US and Iran sign initial peace deal, lifting oil sanctions and reopening Strait of Hormuz
The 14-point memorandum of understanding ends nearly a year of hostilities and sets a 60-day window for nuclear negotiations, sending oil prices to three-month lows and Bitcoin past $65K
The US and Iran have signed a 14-point memorandum of understanding designed to end nearly a year of military conflict between the two nations. The deal, signed on June 17 at the Palace of Versailles by President Donald Trump and Iranian President Masoud Pezeshkian, took immediate effect and includes two provisions that matter enormously for global markets: the reopening of the Strait of Hormuz for commercial shipping and the lifting of US sanctions on Iranian oil exports.
Oil prices promptly fell to three-month lows. Global stock markets hit record highs. And Bitcoin surged past $65,000.
What the deal actually says
The MoU is an interim framework, not a final treaty. The agreement halts active military operations across multiple fronts, including Lebanon, and establishes a 60-day negotiation window to tackle the genuinely hard stuff: Iran’s nuclear program, uranium enrichment levels, and the broader architecture of a lasting peace.
Iran will be allowed to sell oil freely once sanctions are lifted. The Strait of Hormuz, through which roughly 20% of the world’s oil passes on any given day, will reopen to commercial shipping immediately.

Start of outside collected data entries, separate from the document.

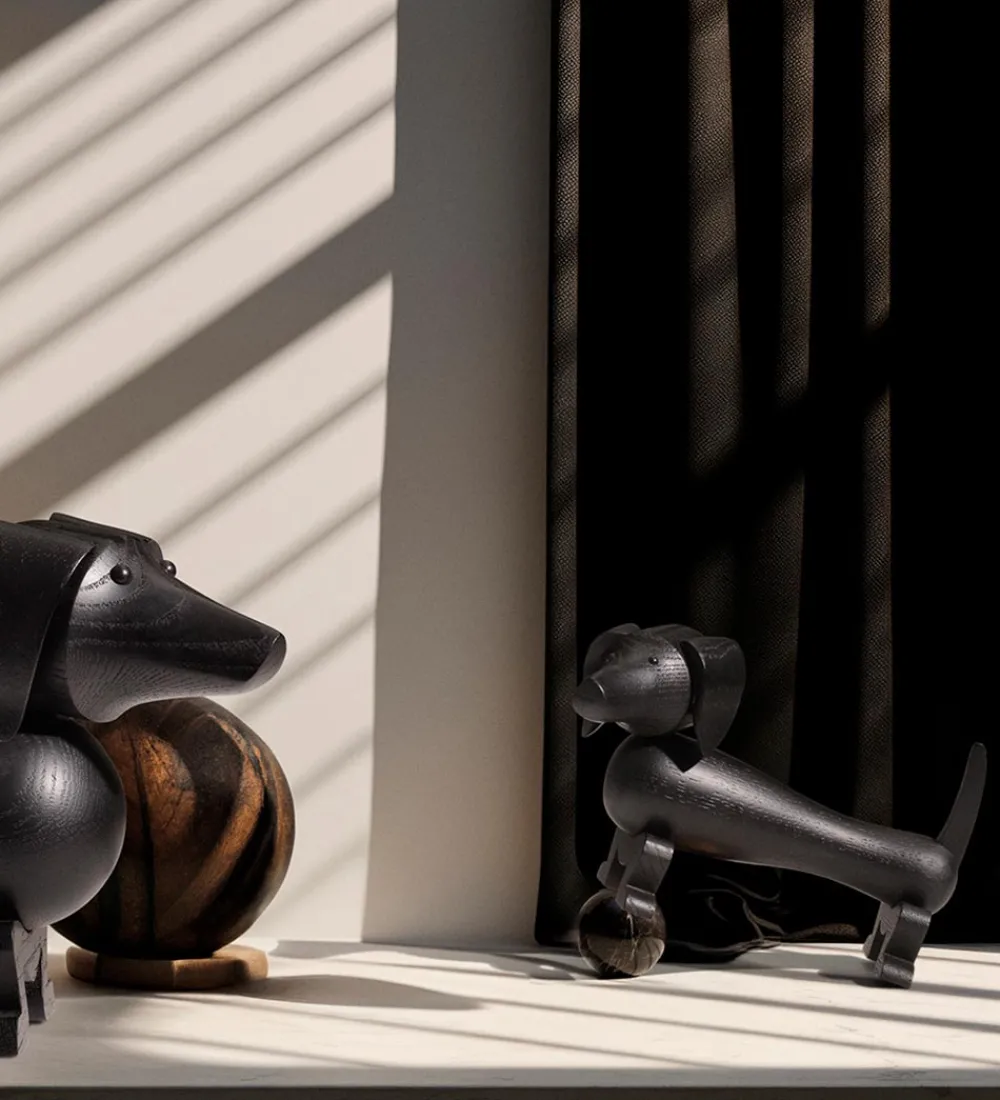 Skøn Kay Bojesen træfigur, der forestiller en gravhund i sort, mørkbejdset eg.
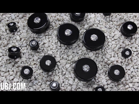 These beauties are crafted from obsidian and feature cubic zirconia gem inlays. These plugs come in various sizes (1/2" - 1 & 1/4") and are sold in pairs (2 pieces). With a 12mm wearable area and a 2mm flare, these plugs will add a touch of glamour to any look.
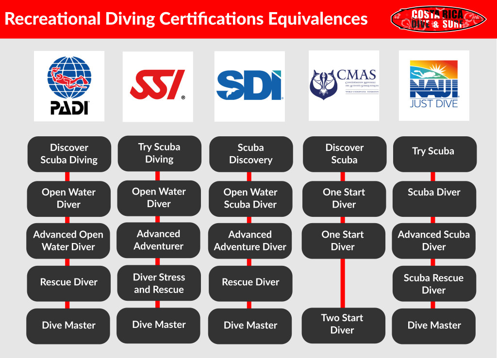 Todos los certificadores de buceo manejan estándares muy similares y están en capacidad de enseñar a los estudiantes de buceo los principios fundamentales de esta práctica.
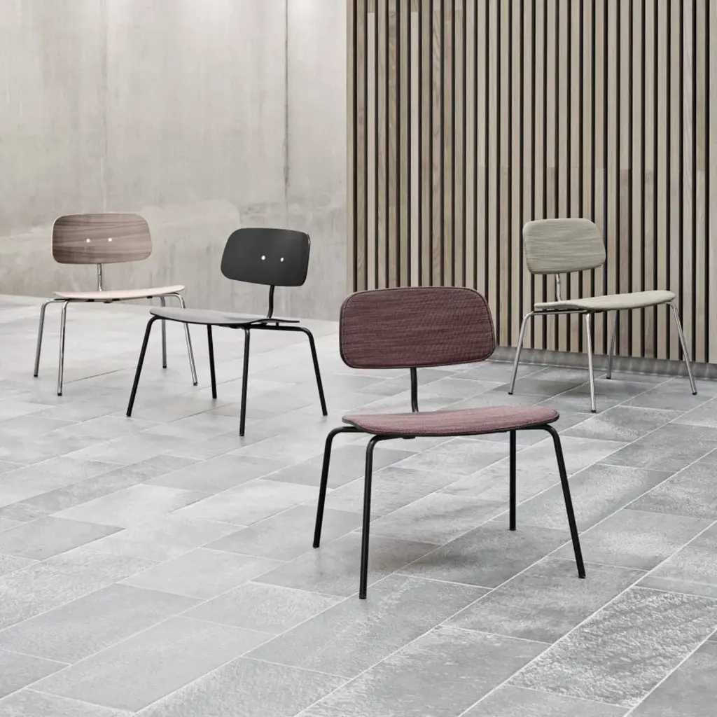 In an lounge chair version, the signature seating from Copenhagen modernist brand Engelbrechts features fully upholstered seat and backrest contours. Kevi’s slender tubular-steel frame proves a complementary pairing in a choice of polished chrome or matte black powder coat. With high quality fabric and leather options to chose from and generously expanded dimensions, it’s a luxuriously relaxed upgrade on designer Jørgen Rasmussen’s original office chair.
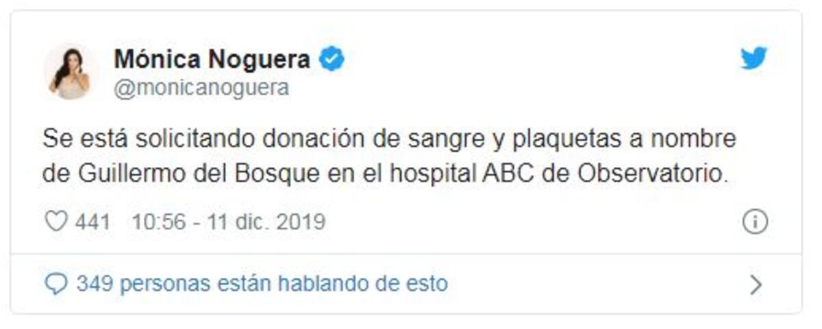 Guillermo del Bosque se encuentra hospitalizado o al menos así lo refiere un mensaje que publicó Mónica Noguera durante la mañana de este miércoles, donde solicita donadores de sangre y plaquetas para el productor mediante su cuenta de Twitter.
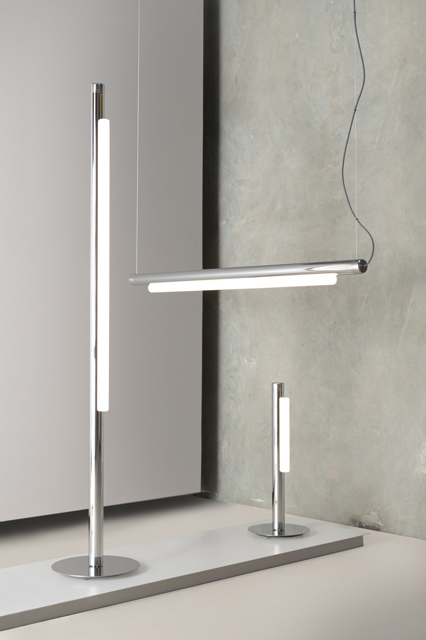 The Pipeline 125 floor lamp exhibit a striking, elegant, and determined aesthetic. It gracefully balance on chrome mirror weighted bases, giving the illusion of levitation.
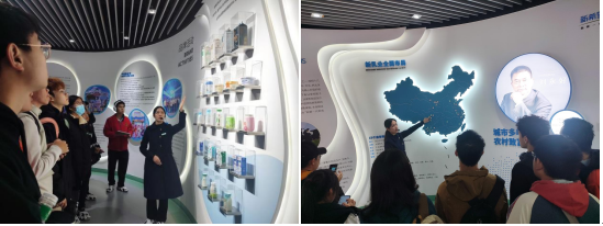 为了配合做好学校的参观安排,新希望公司的企业导师们早早在工厂等候。全体师生到达新希望公司后,跟随企业导师的带领与讲解,先后参观了公司的文化走廊、研发中心等,实地了解到乳制品产业的发展历程以及乳制品加工技术。
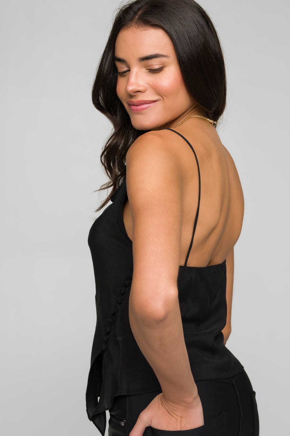 Madre Reina - Blusa Alça Fina Botões Seda Preto
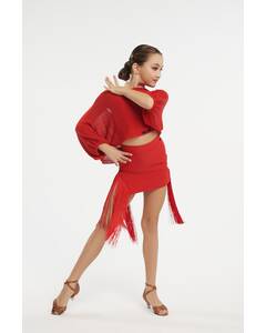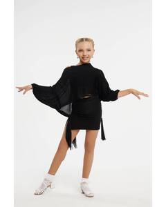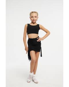Детская мини-юбка для латины PRIMABELLA с бахромой и косым кроем. Эластичная ткань, лёгкость в движении и эффектный внешний вид для выступлений и тренировок
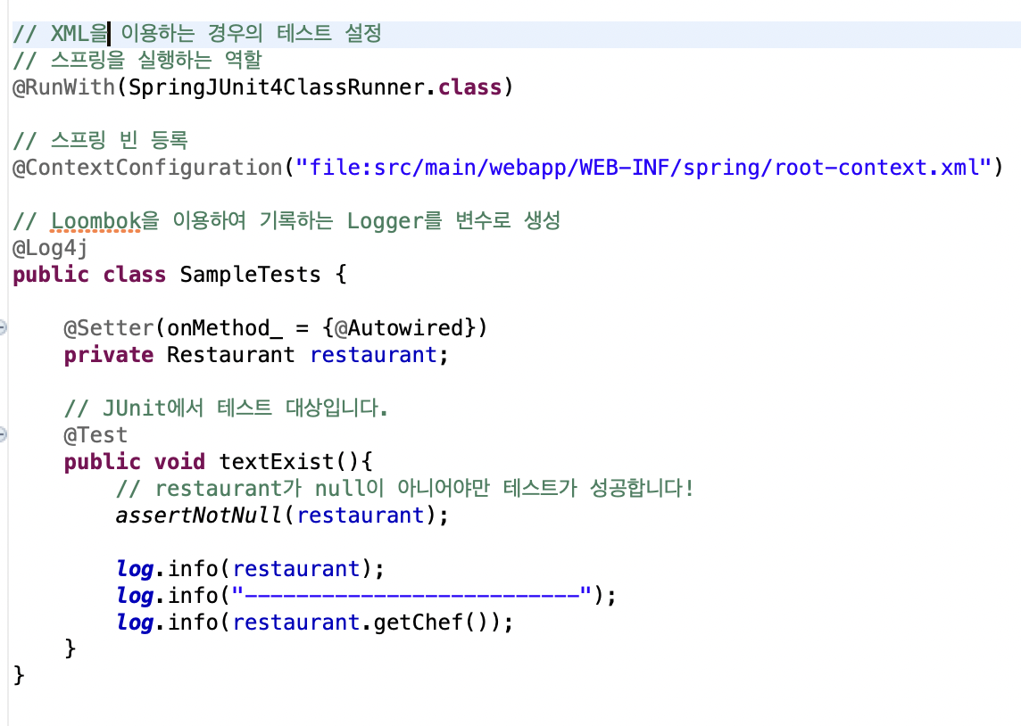 - ex00 → src/test/java → 폴더에 org.zerock.sample.SampleTest 클래스 작성

The deal contemplates the potential release of up to $25 billion in frozen Iranian assets. A proposed $300 billion reconstruction fund is part of the broader framework, though the details of who funds it and how remain subjects for the 60-day negotiation period.
Iran has committed to not developing nuclear weapons under the terms of the agreement. An official ceremony had been planned for June 19, but it was canceled. The signing at Versailles on June 17 served as the operative event.
Why crypto markets are reacting
Bitcoin’s move past $65,000 reflects a broader pattern that crypto traders know well. Geopolitical de-escalation tends to push capital toward risk assets, and crypto sits firmly in that category for most institutional allocators.
The oil angle adds another layer. Cheaper energy prices act as a de facto stimulus for the global economy, with lower input costs for businesses and lower fuel costs for consumers.
Lifting US sanctions on Iranian oil exports could eventually reshape how certain countries interact with the dollar-denominated financial system. Iran has historically explored alternative payment rails, including crypto-adjacent mechanisms, to circumvent sanctions.
What this means for investors
The 60-day negotiation window is the number to circle on your calendar. Markets have priced in the optimism of the initial deal, but the nuclear negotiations could easily produce the kind of headline risk that sends prices in the opposite direction.
The $25 billion in frozen assets and the proposed $300 billion reconstruction fund represent real capital that will need to move through the global financial system if the deal holds.
The 60-day window means we should know by mid-August whether this framework has legs.